State v. Werlein

401 N.W.2d 848, 136 Wis. 2d 445, 1987 Wisc. App. LEXIS 3369
CourtCourt of Appeals of Wisconsin
DecidedJanuary 20, 1987
Docket86-0470-CR
StatusPublished
Cited by4 cases

This text of 401 N.W.2d 848 (State v. Werlein) is published on Counsel Stack Legal Research, covering Court of Appeals of Wisconsin primary law. Counsel Stack provides free access to over 12 million legal documents including statutes, case law, regulations, and constitutions.

Bluebook
State v. Werlein, 401 N.W.2d 848, 136 Wis. 2d 445, 1987 Wisc. App. LEXIS 3369 (Wis. Ct. App. 1987).

Opinions

MYSE, J.

Jesse Werlein appeals a judgment convicting him of attempted first-degree murder by use of a dangerous weapon. Werlein argues that the [448]*448trial court improperly struck expert witness testimony regarding his mental condition. Werlein also contends that the trial court erred by admitting opinion testimony as to the noninvolvement of another individual in the crime, refusing to grant a mistrial after the state commented on his failure to testify, and failing to instruct the jury on a lesser-included offense. We conclude that Werlein’s latter contentions are without merit. However, because the trial court erroneously struck expert testimony and precluded the jury from determining whether Werlein was responsible for the crime, we reverse and remand for a new trial.

In July, 1984, Gary Sol was shot and wounded by an assailant. Jesse Werlein was eventually charged with attempting to murder Sol by use of a dangerous weapon. Werlein pled not guilty and not guilty by reason of mental disease or defect to the charge. Under the provisions of sec. 971.175, Stats., the trial was bifurcated.

At the guilt phase of the trial, the state demonstrated that Werlein had driven with an acquaintance, Kevin Bridges, to Sol’s trailer home at approximately 2 a.m. Werlein ordered Bridges to tell the man in the trailer that they had car trouble. Werlein was armed with a semi-automatic rifle and when Sol approached the car, he saw the rifle and fled. Werlein fired twenty-five to thirty shots at Sol and Sol was struck in the back and arm, and his pelvic bone was fractured. Over defense counsel’s objection, Deputy Sheriff Ronald Martinson testified that Richard Lara-bee, whom Sol had initially identified as the assailant, was not involved in the crime. The jury returned a guilty verdict.

[449]*449At the responsibility phase of the trial, Werlein called a psychiatrist, Dr.
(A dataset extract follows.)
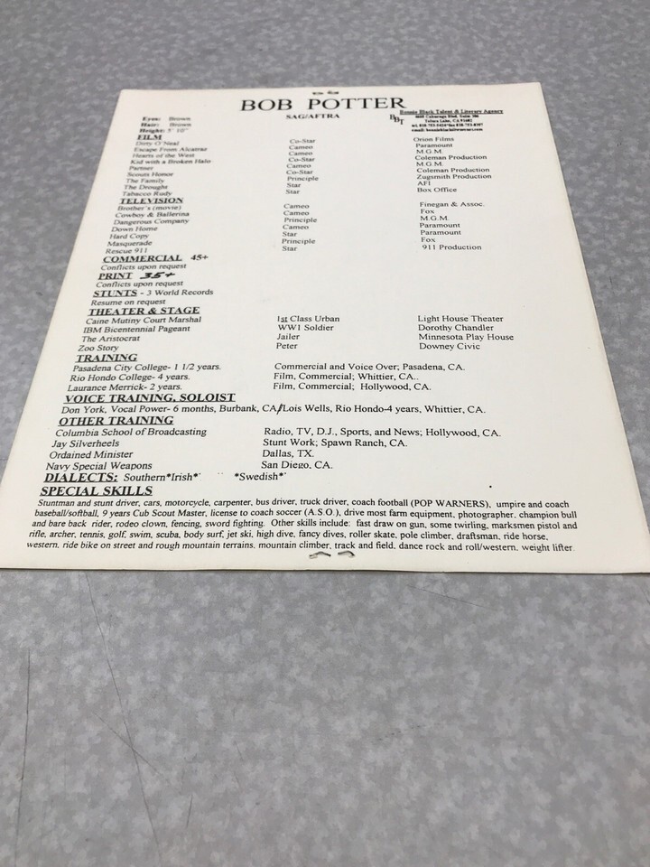 Bob Potter 8x10 Autograph Photo With Resume and 15 similar items

Albert Lorenz. Lorenz testified that Werlein suffers from an organic brain dysfunction, an antisocial personality disorder, and delusions. He stated that Werlein "due to hereditary or suffocation illness ... does not have a proper function of his brain ...That as a result, Werlein rotates images and constantly distorts words and "that’s why he can’t read properly and that is why he doesn’t listen and he doesn’t understand what you’re saying all the time ... ,”1 Lorenze stated that Werlein was "wrapped up in a delusional system of his own and even though he knew right from wrong, ... he believed this so much that he was compelled to act it out and that what he did was a product of the diagnosis. ...” According to Lorenz, Werlein was "living his delusion.”
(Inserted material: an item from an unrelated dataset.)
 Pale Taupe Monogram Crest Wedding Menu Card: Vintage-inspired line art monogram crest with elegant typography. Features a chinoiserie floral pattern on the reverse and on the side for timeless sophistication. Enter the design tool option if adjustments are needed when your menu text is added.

Lorenz testified that Werlein’s mental disease of antisocial personality was evinced by much more than repeated criminal or antisocial conduct. This included an inability to handle work, squandering money, lack of attachment to people or groups, and reckless behavior. Lorenz stated that Werlein has no personality of his own, cannot plan for the future, and follows others much like a little child would. Lorenz concluded that as a result of Werlein’s illness, he could not conform his conduct to the requirements of law.
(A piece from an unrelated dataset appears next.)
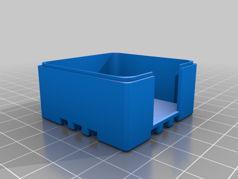 Vỏ trên cũng cần supports cho các lỗ vít. Tuy nhiên, việc loại bỏ supports khỏi các rãnh fischertechnik lân cận có thể rất khó khăn, mặc dù chúng in tốt mà không cần supports. Tôi khuyên bạn nên sử dụng tính năng mới (nhưng hơi cồng kềnh) của Cura để chặn supports nhằm ngăn chặn điều này.

[450]*450The state moved to strike Lorenz’s testimony claiming it to be irrelevant and incompetent. The trial court agreed, struck the testimony and, because this was the only evidence presented on this issue, excused the jury. See State v. Leach, 124 Wis. 2d 648, 659-64, 370 N.W.2d 240, 247-49 (1985).

Werlein argues that the trial court erred by striking Lorenz’s testimony and precluding the jury from considering whether he was mentally responsible for the crime. The trial court concluded that Lorenz’s testimony demonstrated that Werlein was suffering from a disease manifested only by repeated criminal or otherwise antisocial conduct which was excluded as a defense under sec. 971.15(1), (2), Stats. These sections provide:

(1) A person is not responsible for criminal conduct if at the time of such conduct as a result of mental disease or defect he lacked substantial capacity either to appreciate the wrongfulness of his conduct or conform his conduct to the requirements of law.
(2) As used in this chapter, the terms "mental disease or defect” do not include an abnormality manifested only by repeated criminal or otherwise antisocial conduct.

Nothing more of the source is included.